Before going to production with Event Sourcing, verify the following.

  • Event schema registry with version tracking is in place.
  • Upcasters are registered and tested for all historical event versions.
  • Snapshot strategy is defined with versioning and retention policies.
  • Projection rebuilding can be triggered without downtime (blue-green deployment).
  • All event handlers are idempotent with deduplication checks.
  • Correlation and causation IDs are present on every event.
  • Event store monitoring includes: append latency, subscription lag, disk usage, stream count.
  • Disaster recovery plan includes: event store backup/restore procedure, projection rebuild runbook.
  • GDPR compliance strategy is documented (crypto-shredding or stream deletion).
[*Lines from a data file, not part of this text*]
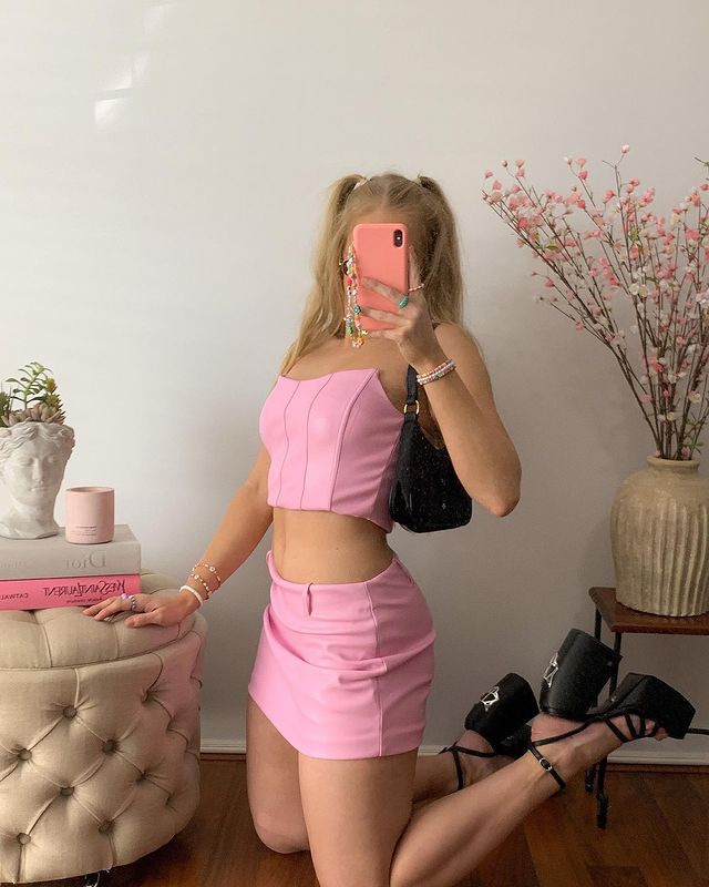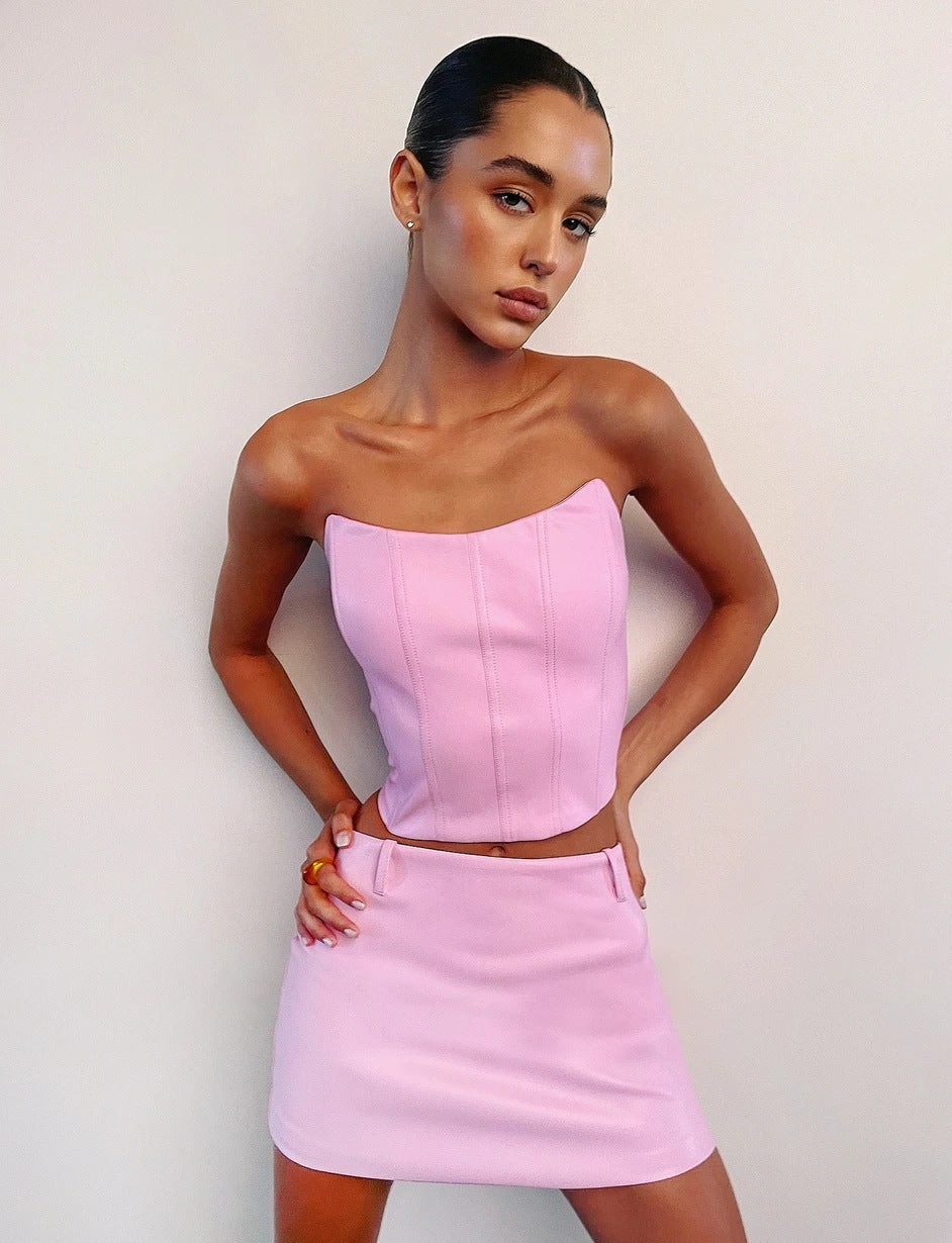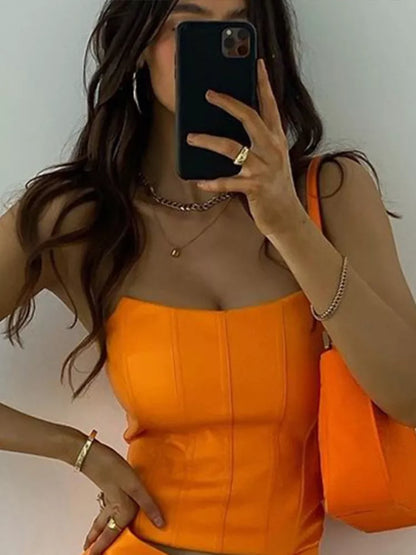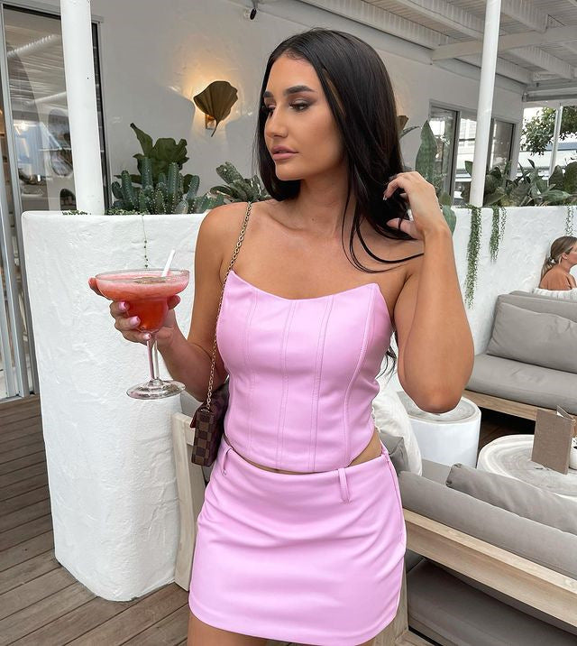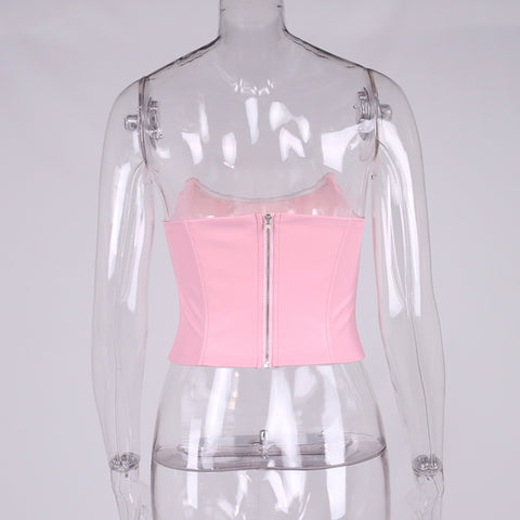 Hulianfu High Quality Summer Crop Top Women Fishbone Double Layer Pink PU Leather Sexy Crop Top Fashion Lady Clubwear Party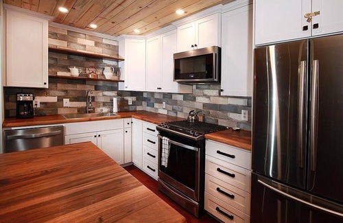 A beautiful, spacious cabin that is fun for the whole family. The Big K Hideaway is a gem that sits in the Northwoods of Greer and backs up to the National Forest. Enjoy your coffee or cocktail while sitting on the large deck and watch the local deer and wildlife. The Big K Hideaway has 3 bedrooms, 3 full bathrooms and a loft that sleeps 6 children. The loft is a fun place for children to sleep and play. There are two fully equipped kitchens. The larger kitchen is great for big family meals. While the second kitchen is perfect for early mornings or families cooking separately. Kitchen features include new appliances, dishwasher, microwave, oven, blender, toaster, and Ninja Foodi (pressure cooker, slow cooker, air fryer). Enjoy time outside while using the horse shoe pit on the upper lawn. Propane BBQ sits on deck so you can cook and spend time with one another. If it's getting a little chilly that's okay, because you can curl up next to your choice of two wood burning stoves inside. If lighting the fire is not your thing, this cabin is equipped with a forced air heater. Enjoy the provided selection of books and games. Mud room is equipped with washer/dryer and bathroom for easy clean up after a long day exploring the beautiful White Mountains and the historic town of Greer. If you are looking for a place to stay while you are hitting the slopes at Sunrise, look no further this cabin is minutes away! This is a quiet place for family and friends to enjoy and escape the hustle and bustle of fast city life. We hope you enjoy your stay…at the Big K Hideaway!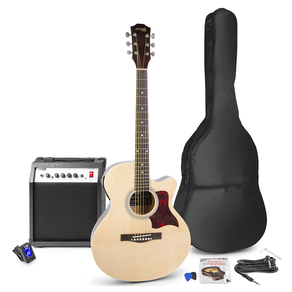 The MAX Showkit in Natural gives you everything you need in a complete electric-acoustic guitar pack. Not only will you get a steel-string Acoustic Guitar Combo, but you’ll also get a high-quality 40 Watt guitar amplifier. As well as a durable soft case, digital clip-on tuner, a guitar lead, guitar picks, shoulder strap and even a spare string set. Perfect for any beginner guitar player, this electric acoustic guitar pack offers a wide range of features. Allowing you to play a variety of sounds that cover a plethora of music genres.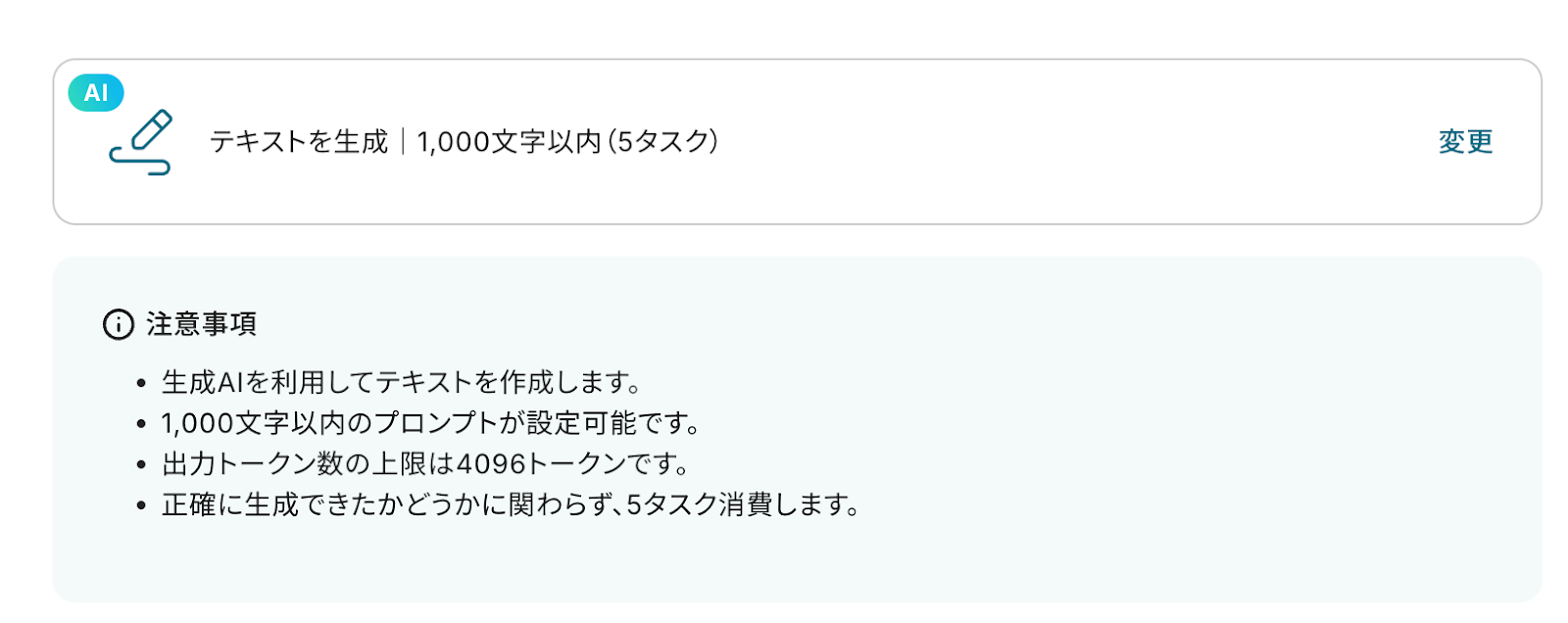 テキストを生成するアクションは、指示可能なプロンプトの文字数によって消費するタスクが異なります。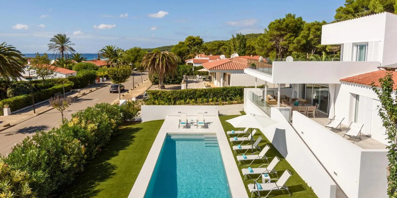 プールの景色を望むVilla Llebeig 155TS Son Bou By MENORCARENTALSは季節限定の屋外プール、レストラン、バーを提供する宿泊施設で、ソン・ボウ・ビーチまで約2.9kmです。この別荘では、専用プール、庭、バーベキュー施設、無料WiFi、無料専用駐車場を提供しています。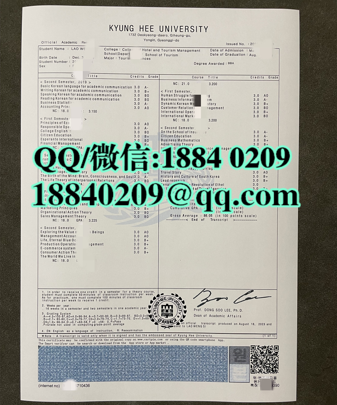韩国庆熙大学kyunghee university成绩单,kyunghee university transcript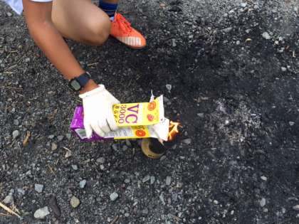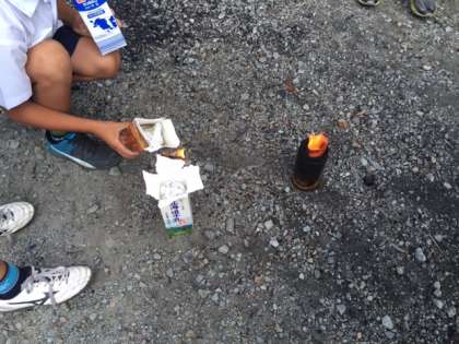 牛乳パックに火をつけます。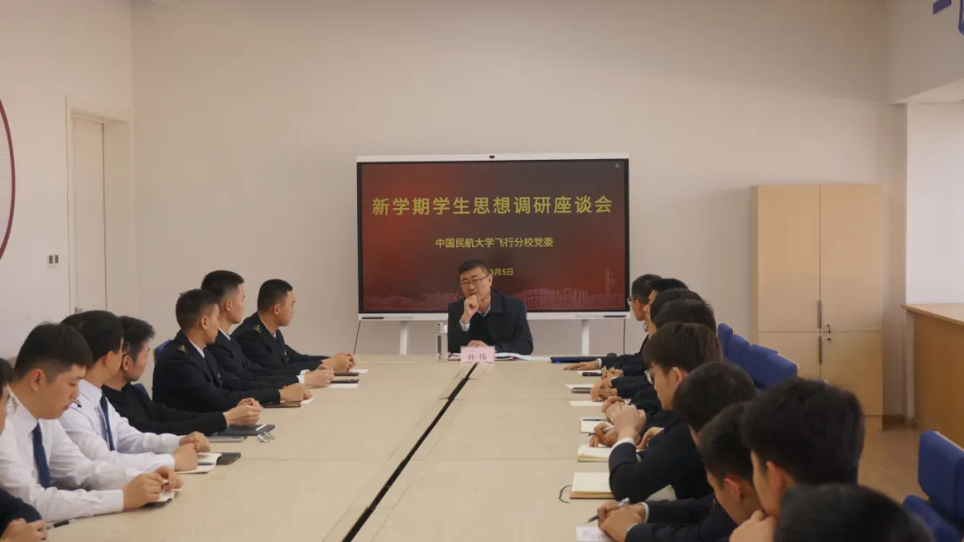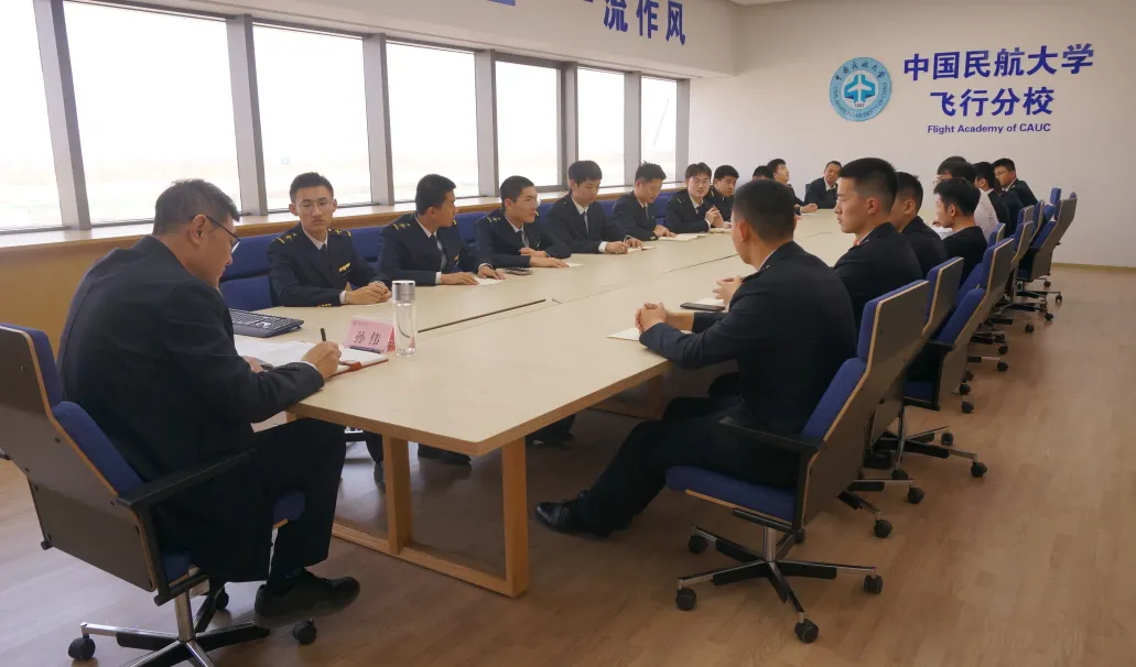 会议围绕学员思想建设、学业进展、作风表现、职业规划及行业发展需求等方面展开深入交流。飞行学员结合个人学习、训练经历展开热烈分享,孙书记对飞行学员的分享和困惑作出热切回应与指导。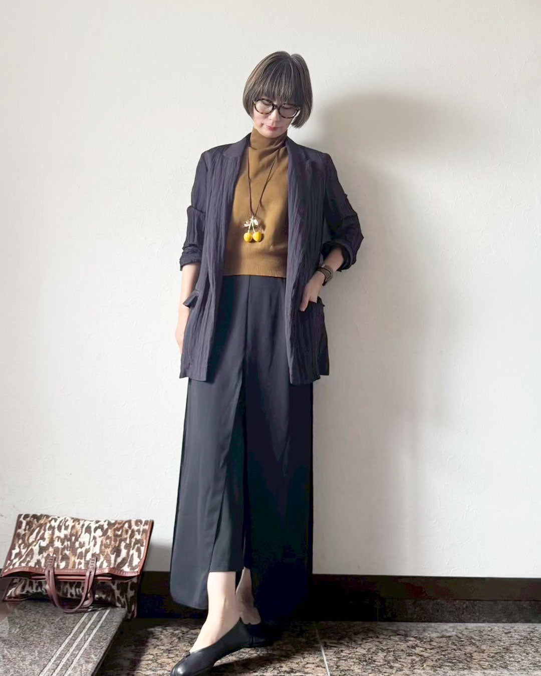 黒のシアーパンツがつくる、軽やかパンツコーデ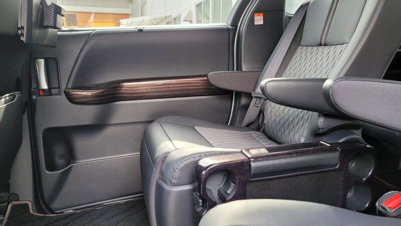 車両の真ん中は黒木目、両サイドはエボニー調と組み合わせを楽しんでいただいています!

Architecture Diagram: Production Event Sourcing System

+------------------+     +-----------------+     +------------------+
|   API Gateway    |---->| Command Handler |---->| Domain Aggregate |
+------------------+     +-----------------+     +--------+---------+
                                                          |
                              +---------------------------+
                              | Domain Events
                              v
                    +--------------------+
                    |    Event Store     |
                    | (append-only log)  |
                    +--------+-----------+
                             |
              +--------------+--------------+
              |              |              |
              v              v              v
     +--------+---+  +------+------+  +----+--------+
     | Projection |  | Projection  |  | Projection  |
     | Handler A  |  | Handler B   |  | Handler C   |
     +--------+---+  +------+------+  +----+--------+
              |              |              |
              v              v              v
     +--------+---+  +------+------+  +----+--------+
     | PostgreSQL |  |Elasticsearch|  |    Redis     |
     | Read Model |  |Search Index |  |   Cache      |
     +------------+  +-------------+  +-------------+
Event Schema Evolution Pipeline:

  Event Store (raw bytes)
       |
       v
  +----------+     +-----------+     +-----------+
  | Upcaster |---->| Upcaster  |---->| Upcaster  |
  |  V1->V2  |     |  V2->V3   |     |  V3->V4   |
  +----------+     +-----------+     +-----------+
                                          |
                                          v
                                  +---------------+
                                  | Current Event |
                                  |  (Version 4)  |
                                  +---------------+
                                          |
                              +-----------+-----------+
                              |                       |
                              v                       v
                     +--------+------+      +---------+-----+
                     | Command Side  |      | Projection    |
                     | (Aggregate)   |      | (Read Model)  |
                     +---------------+      +---------------+

Conclusion

Event Sourcing delivers tremendous value in systems that require full audit trails, temporal queries, and independent scalability of reads and writes. But the operational complexity is real. Schema evolution, snapshotting, projection management, and event store scaling are not optional concerns -- they are the core challenges that determine whether your event-sourced system thrives or becomes an operational burden.

The key takeaways are: use upcasting as your primary schema evolution strategy, snapshot only when measured performance demands it, design projections for idempotent replay, and choose your event store technology based on your actual throughput requirements and operational capabilities.